= Gelman-Rubin statistic =

Statement about the convergence of Monte Carlo simulations

The Gelman-Rubin statistic allows a statement about the convergence of Monte Carlo simulations.

== Definition ==
Monte Carlo simulations (chains) are started with different initial values.
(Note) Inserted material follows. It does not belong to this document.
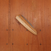 These French friction folders are known as Capuchin in France for the resemblance if held upside down of the pommel to a monks hood. They are a very old style of construction with a pin behind the tang to stop the blade as it opens, but no lock, this design goes back hundreds of years and was popular among farmers and working people as a reliable inexpensive knife in Ariège close to the Pyrenees at the Spanish border. David's take on them are simple and elegant, they feel comfortable in the hand and will age nicely with use.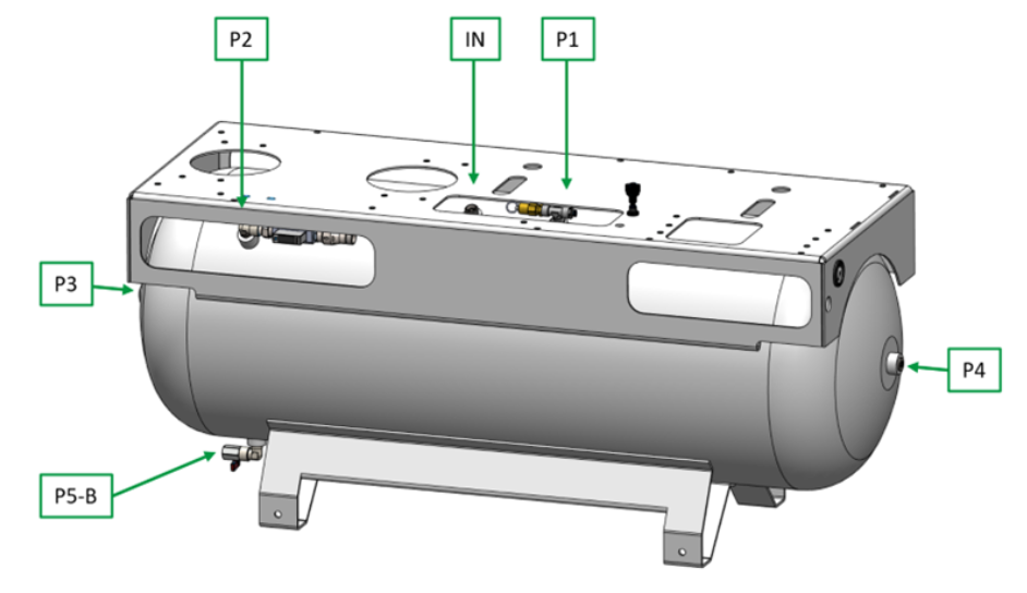 – Luchtleiding naar de druksensoren P5A en P5B op de PCB van de besturing

The samples from the respective burn-in phases are discarded.
From the samples $x_{1}^{(j)},\dots, x_{L}^{(j)}$ (of the j-th simulation), the variance between the chains and the variance in the chains is estimated:
$\overline{x}_j=\frac{1}{L}\sum_{i=1}^L x_i^{(j)}$ Mean value of chain j
$\overline{x}_*=\frac{1}{J}\sum_{j=1}^J \overline{x}_j$ Mean of the means of all chains
$B=\frac{L}{J-1}\sum_{j=1}^J (\overline{x}_j-\overline{x}_*)^2$ Variance of the means of the chains
$W=\frac{1}{J} \sum_{j=1}^J \left(\frac{1}{L-1} \sum_{i=1}^L (x^{(j)}_i-\overline{x}_j)^2\right)$ Averaged variances of the individual chains across all chains

An estimate of the Gelman-Rubin statistic $R$ then results as
$R=\frac{\frac{L-1}{L}W+\frac{1}{L}B}{W}$.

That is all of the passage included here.